EXERCISE PROMPT: Copy every entry below verbatim, except for images.

===== DATA TO USE

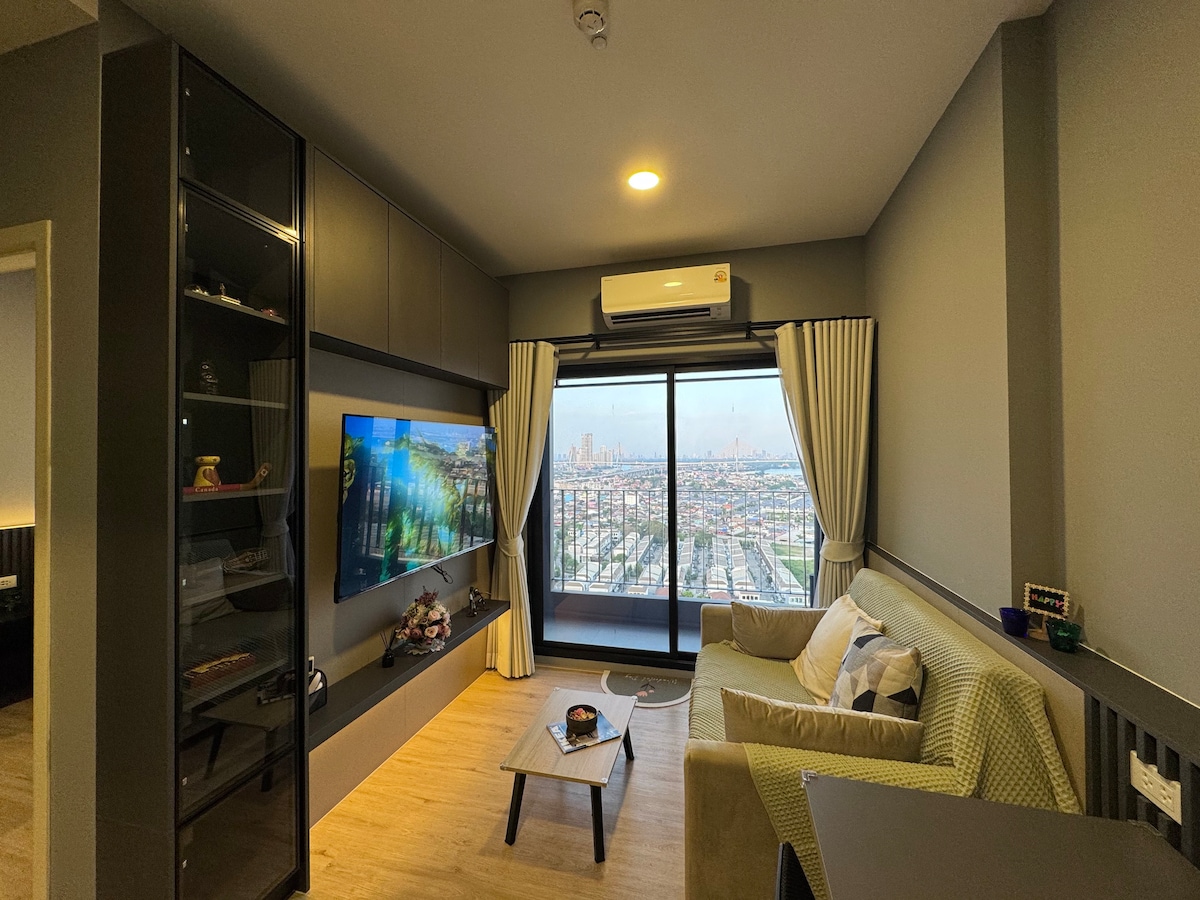 Scopri il comfort e lo stile in questo accogliente appartamento di 30 m ² con vista sul fiume Chao Phraya e sulla foresta di mangrovie. Goditi tramonti mozzafiato dal tuo balcone privato e la comodità di essere a pochi passi dal BTS Chang Erawan (E17), collegandoti al centro di Bangkok in pochi minuti. I tesori locali, tra cui vivaci mercati notturni, un 7-Eleven, un salone e una farmacia, sono proprio dietro l'angolo. A poche fermate di BTS, troverete supermercati e centri commerciali per tutte le vostre esigenze :)
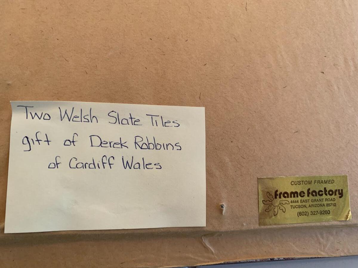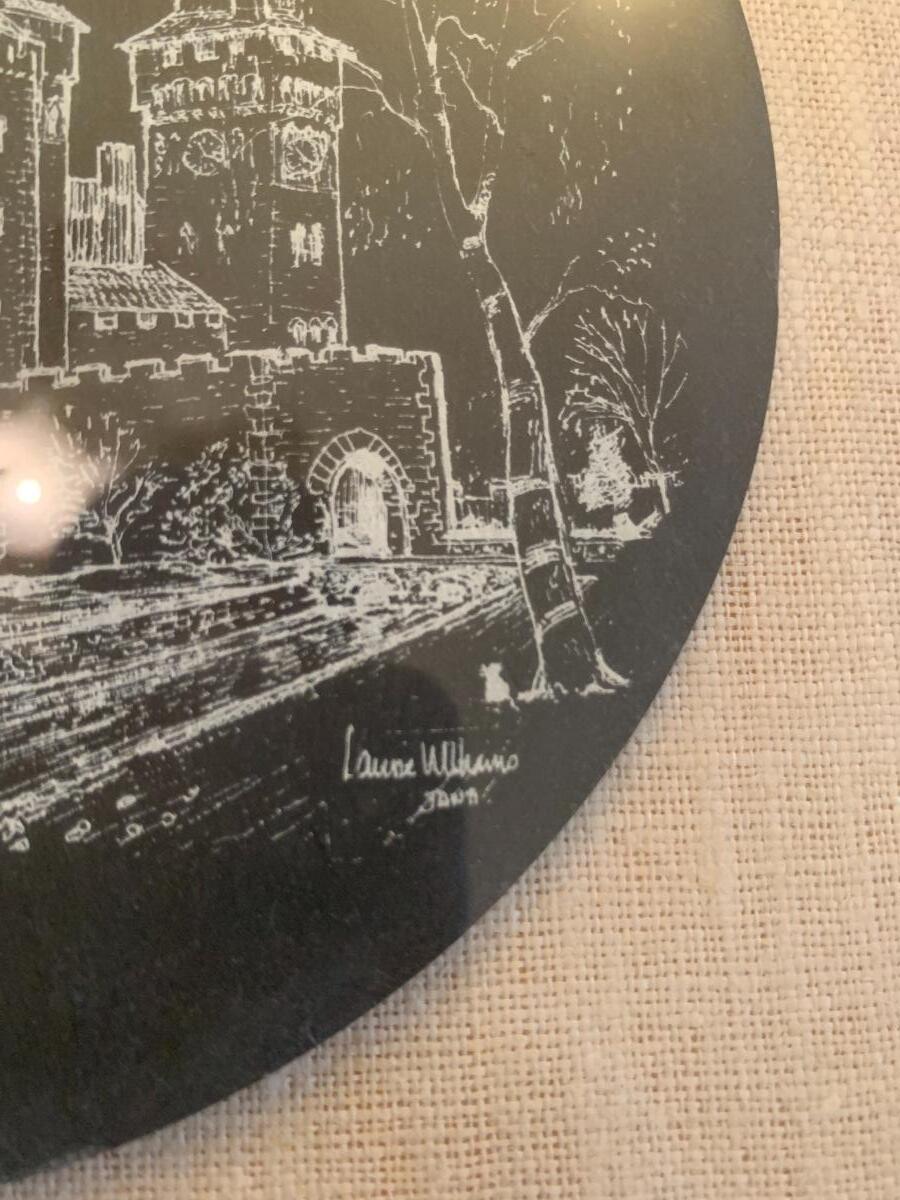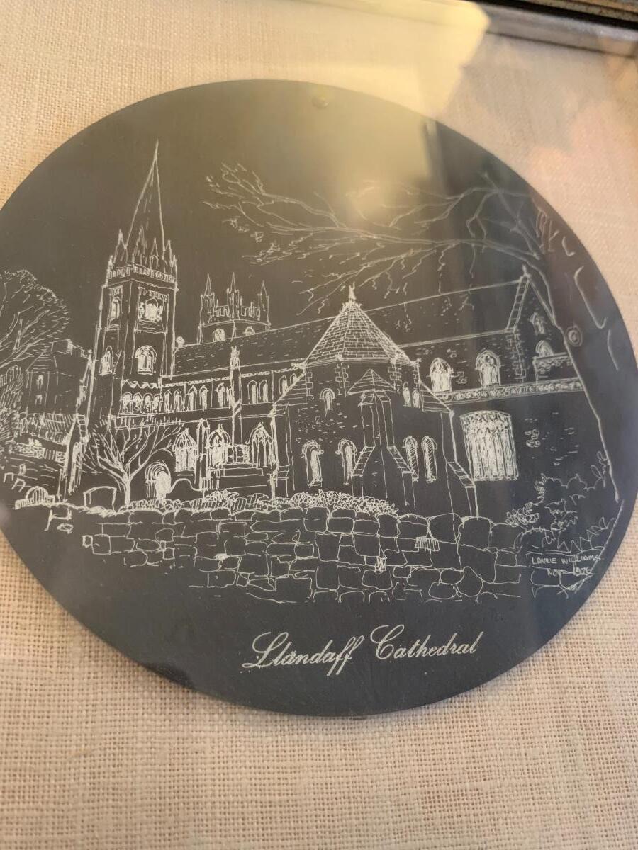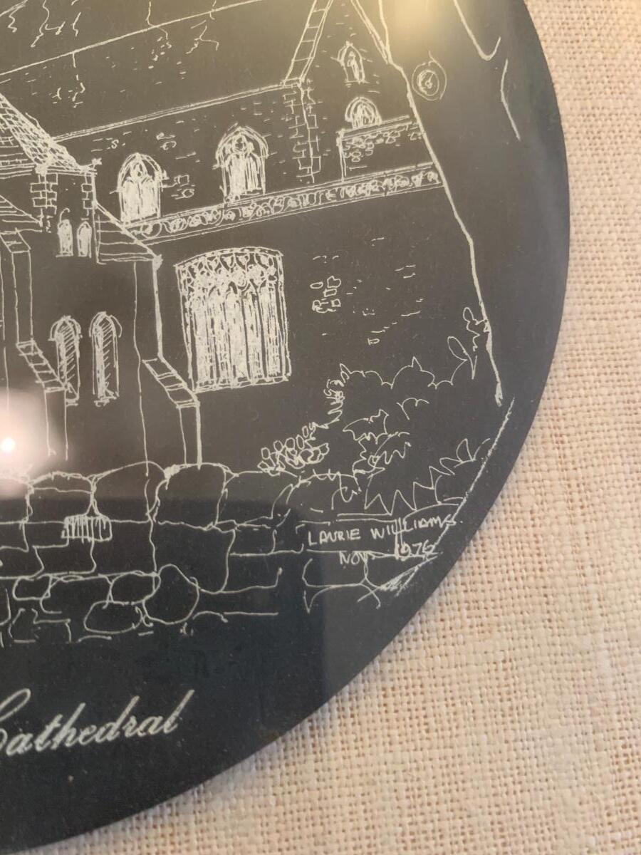 Framed original etched Welsh slate tiles of Cardiff Castle and Llandaff Cathedral by Laurie Williams.
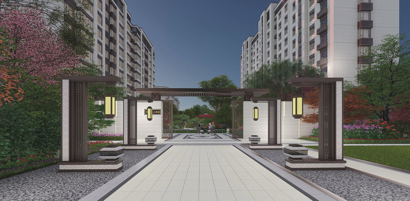 一軸、三進院,五大主題宅間景觀,以顯勢,迎客 、閑游、幸福悅居貫穿始終,采用現代、輕靈的中式設計手法 ,見徐東方意境元素 。
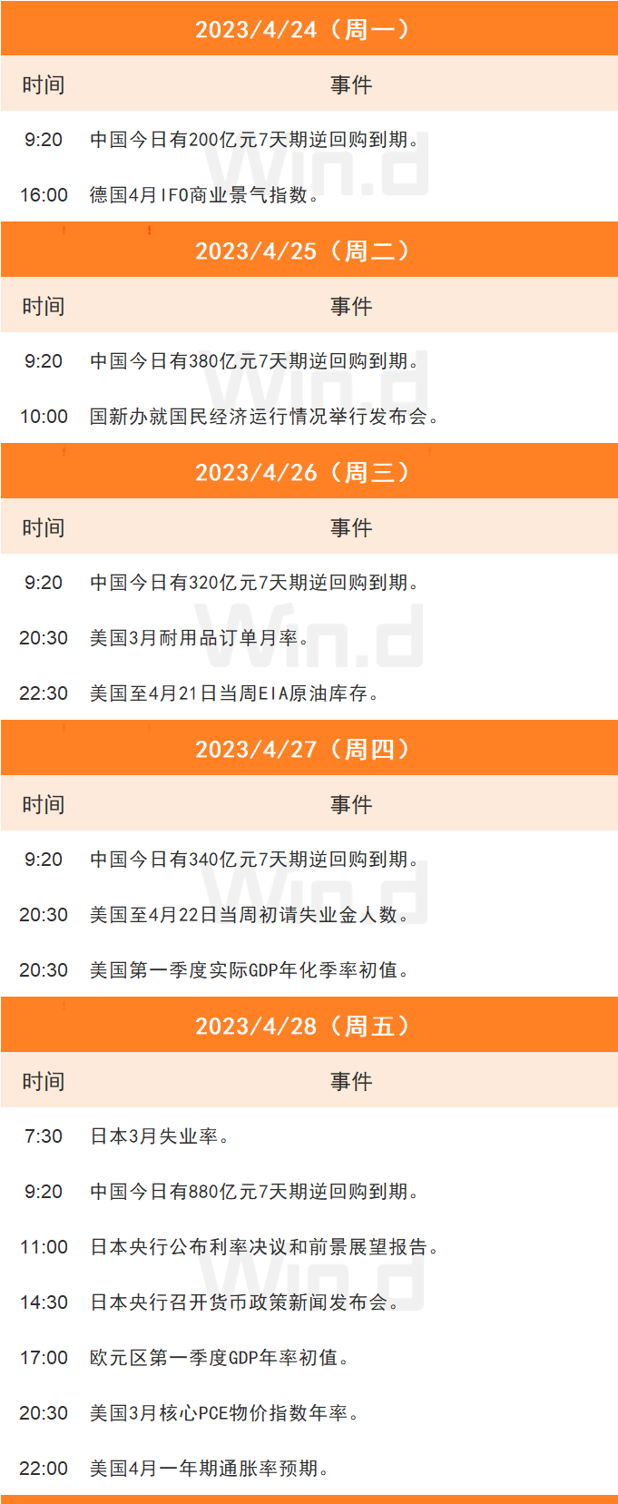 // 国内投资要闻 // 1、 4月LPR报价不变,为连续第8个月持稳。1年期LPR报3.65%,上次为3.65%;5年期以上品种报4.3%,上次为4.30%。央行4月17日开展1700亿元1年期MLF操作和200亿元7天期公开市场逆回购操作,中标利率分别为2.75%、2.0%。由于作为LPR报价锚定利率的MLF利率保持不变,市场此前普遍预计4月LPR继续不变。 2、 净值回撤影响逐步消退,银行理财市场一季度企稳回升。经济参考报报道,在经历“赎回潮”“破净潮”之后,银行理财市场迎来企稳回升态势。数据显示,一季度全市场共新发了7197款理财产品,环比增加742款。一季度理财公司产品平均期间年化收益率为5.24%,环比上涨783个基点。与此同时,银行理财产品“破净”(指累计单位净值跌至1元以下)范围也持续缩小。 3、 部分公募资金兑现收益,从人工智能回归消费。人工智能主线品种在短时间实现涨幅翻倍后,为基金经理“从高往低”的调仓提供了好时机。证券时报记者注意到,前期一些看好人工智能的基金经理最近开始频频调研新消费,2023年糖酒会更是吸引了不少现场调研,部分基金经理强调4月份的消费股年报和一季报或触发A股市场风格转换。 // 国际投资要闻 // 1、 美联储5月加息25个基点的概率为83.9%。据CME“美联储观察”,美联储5月维持利率不变的概率为16.1%,加息25个基点的概率为83.9%;到6月维持利率在当前水平的概率为10.4%,累计加息25个基点的概率为59.9%,累计加息50个基点的概率为29.7%。 // 本周市场 // 01本周主要股指涨跌幅 周五(4月21日),上证指数单边下滑收跌1.95%,创年内最差表现,万得双创跌超3%。TMT行业全线下挫,申万计算机、电子、传媒行业均创年内最大跌幅,金融、消费、周期股均持续萎靡;军工、抗疫概念逆势造好。 Wind数据显示,北向资金午后单边离场,全天大幅净卖出76.19亿元,单日净卖出额创年内新高;本周累计净买入逾3亿元。 ![]() 数据来源:万得投顾终端 注:统计区间2023/04/17-2023/04/21 02本周基金市场回顾 本周全市场发行基金一共17只(同一基金不同份额只展示一只),具体来看,混合型基金4只、股票型基金3只、债券型基金7只、QDII基金2只,FOF基金1只。 ![]() 数据来源:万得投顾终端 注:统计区间2023/04/17-2023/04/21 03本周基金指数收益速览 一周以来,平衡混合型基金指数、FOF型基金指数、灵活配置型基金指数分别为:0.41%、0.28%、0.09%。 另类投资基金指数、可转债基金指数、QDII基金指数表现不佳,收益率分别为:-0.6%、-0.38%、-0.37% 。 ![]() 数据来源:万得投顾终端 注:统计区间2023/04/17-2023/04/21 04热门基金 ![]() 数据来源:万得投顾终端 注:统计区间2023/04/17-2023/04/21 05银行理财市场回顾 截至4月21日,本周净值型银行理财产品新发597只,成立618只,成立规模179.0401亿元,成立规模较上周减少61.7%。 ![]() 产品类型情况 ![]() 发行机构情况 ![]() 数据来源:万得投顾终端 注:统计区间2023/04/17-2023/04/21 // 下周财经日历 // ![]() |
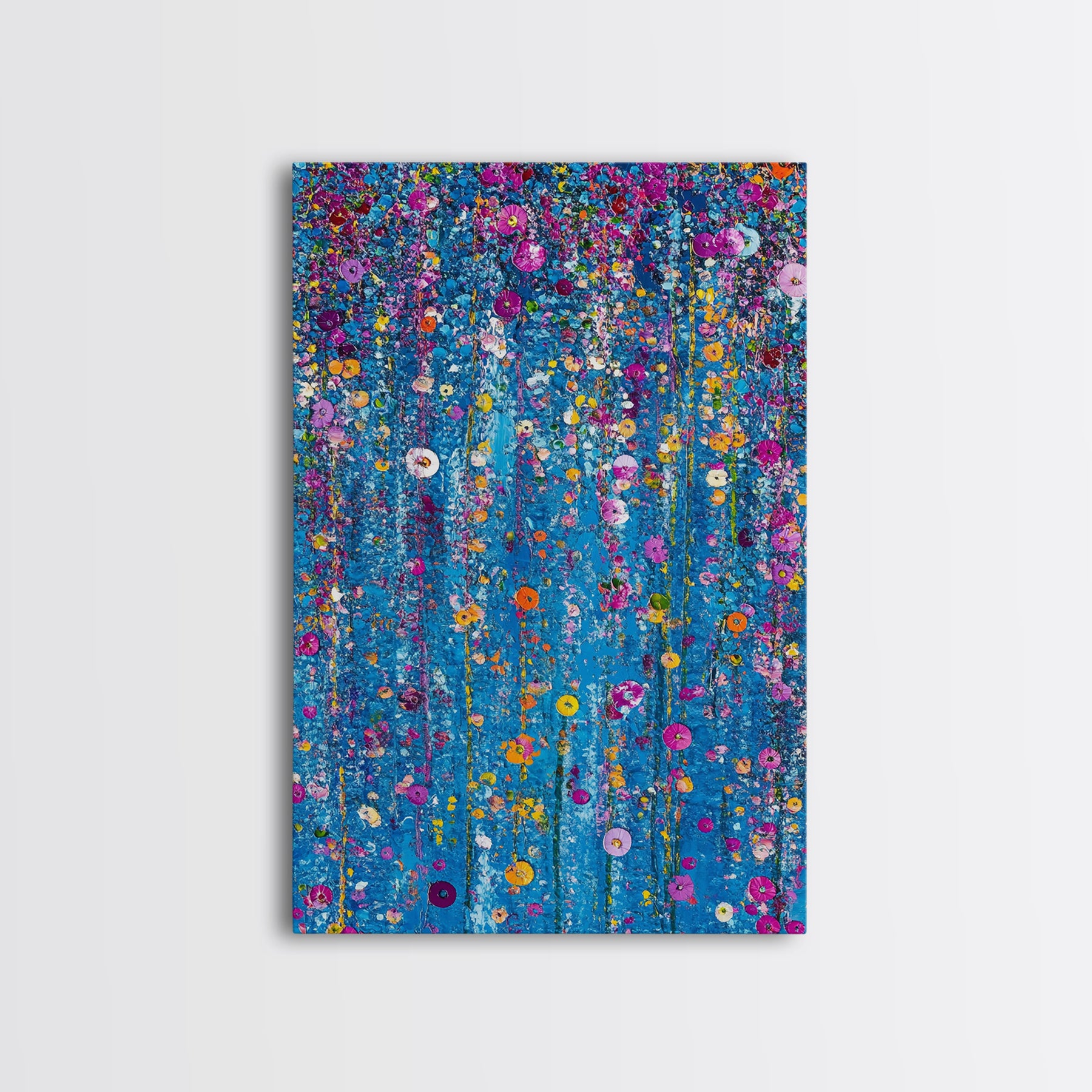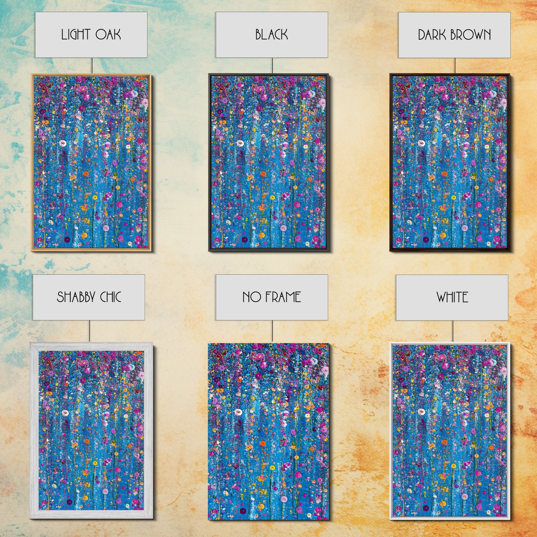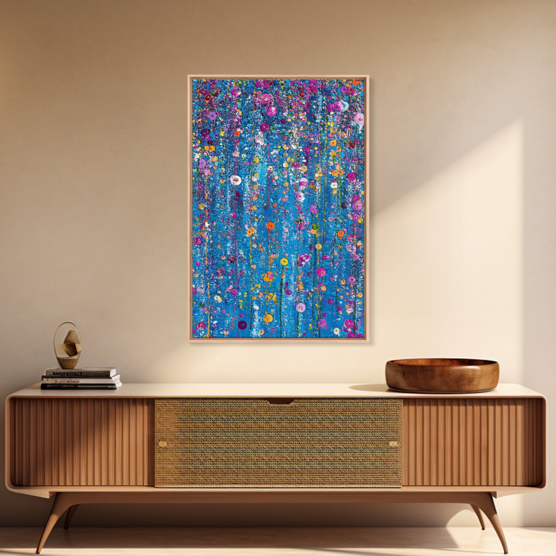 Botanical Wall Art Framed Canvas Print, Bright Blue Wild Flower Painting Print, Flower Painting, Girls Room Decor, Gift For Her

==========

SOLUTION TO THE EXERCISE:
 Scopri il comfort e lo stile in questo accogliente appartamento di 30 m ² con vista sul fiume Chao Phraya e sulla foresta di mangrovie. Goditi tramonti mozzafiato dal tuo balcone privato e la comodità di essere a pochi passi dal BTS Chang Erawan (E17), collegandoti al centro di Bangkok in pochi minuti. I tesori locali, tra cui vivaci mercati notturni, un 7-Eleven, un salone e una farmacia, sono proprio dietro l'angolo. A poche fermate di BTS, troverete supermercati e centri commerciali per tutte le vostre esigenze :)
 Framed original etched Welsh slate tiles of Cardiff Castle and Llandaff Cathedral by Laurie Williams.
 一軸、三進院,五大主題宅間景觀,以顯勢,迎客 、閑游、幸福悅居貫穿始終,采用現代、輕靈的中式設計手法 ,見徐東方意境元素 。
 // 国内投资要闻 // 1、 4月LPR报价不变,为连续第8个月持稳。1年期LPR报3.65%,上次为3.65%;5年期以上品种报4.3%,上次为4.30%。央行4月17日开展1700亿元1年期MLF操作和200亿元7天期公开市场逆回购操作,中标利率分别为2.75%、2.0%。由于作为LPR报价锚定利率的MLF利率保持不变,市场此前普遍预计4月LPR继续不变。 2、 净值回撤影响逐步消退,银行理财市场一季度企稳回升。经济参考报报道,在经历“赎回潮”“破净潮”之后,银行理财市场迎来企稳回升态势。数据显示,一季度全市场共新发了7197款理财产品,环比增加742款。一季度理财公司产品平均期间年化收益率为5.24%,环比上涨783个基点。与此同时,银行理财产品“破净”(指累计单位净值跌至1元以下)范围也持续缩小。 3、 部分公募资金兑现收益,从人工智能回归消费。人工智能主线品种在短时间实现涨幅翻倍后,为基金经理“从高往低”的调仓提供了好时机。证券时报记者注意到,前期一些看好人工智能的基金经理最近开始频频调研新消费,2023年糖酒会更是吸引了不少现场调研,部分基金经理强调4月份的消费股年报和一季报或触发A股市场风格转换。 // 国际投资要闻 // 1、 美联储5月加息25个基点的概率为83.9%。据CME“美联储观察”,美联储5月维持利率不变的概率为16.1%,加息25个基点的概率为83.9%;到6月维持利率在当前水平的概率为10.4%,累计加息25个基点的概率为59.9%,累计加息50个基点的概率为29.7%。 // 本周市场 // 01本周主要股指涨跌幅 周五(4月21日),上证指数单边下滑收跌1.95%,创年内最差表现,万得双创跌超3%。TMT行业全线下挫,申万计算机、电子、传媒行业均创年内最大跌幅,金融、消费、周期股均持续萎靡;军工、抗疫概念逆势造好。 Wind数据显示,北向资金午后单边离场,全天大幅净卖出76.19亿元,单日净卖出额创年内新高;本周累计净买入逾3亿元。 ![]() 数据来源:万得投顾终端 注:统计区间2023/04/17-2023/04/21 02本周基金市场回顾 本周全市场发行基金一共17只(同一基金不同份额只展示一只),具体来看,混合型基金4只、股票型基金3只、债券型基金7只、QDII基金2只,FOF基金1只。 ![]() 数据来源:万得投顾终端 注:统计区间2023/04/17-2023/04/21 03本周基金指数收益速览 一周以来,平衡混合型基金指数、FOF型基金指数、灵活配置型基金指数分别为:0.41%、0.28%、0.09%。 另类投资基金指数、可转债基金指数、QDII基金指数表现不佳,收益率分别为:-0.6%、-0.38%、-0.37% 。 ![]() 数据来源:万得投顾终端 注:统计区间2023/04/17-2023/04/21 04热门基金 ![]() 数据来源:万得投顾终端 注:统计区间2023/04/17-2023/04/21 05银行理财市场回顾 截至4月21日,本周净值型银行理财产品新发597只,成立618只,成立规模179.0401亿元,成立规模较上周减少61.7%。 ![]() 产品类型情况 ![]() 发行机构情况 ![]() 数据来源:万得投顾终端 注:统计区间2023/04/17-2023/04/21 // 下周财经日历 // ![]() |
 Botanical Wall Art Framed Canvas Print, Bright Blue Wild Flower Painting Print, Flower Painting, Girls Room Decor, Gift For Her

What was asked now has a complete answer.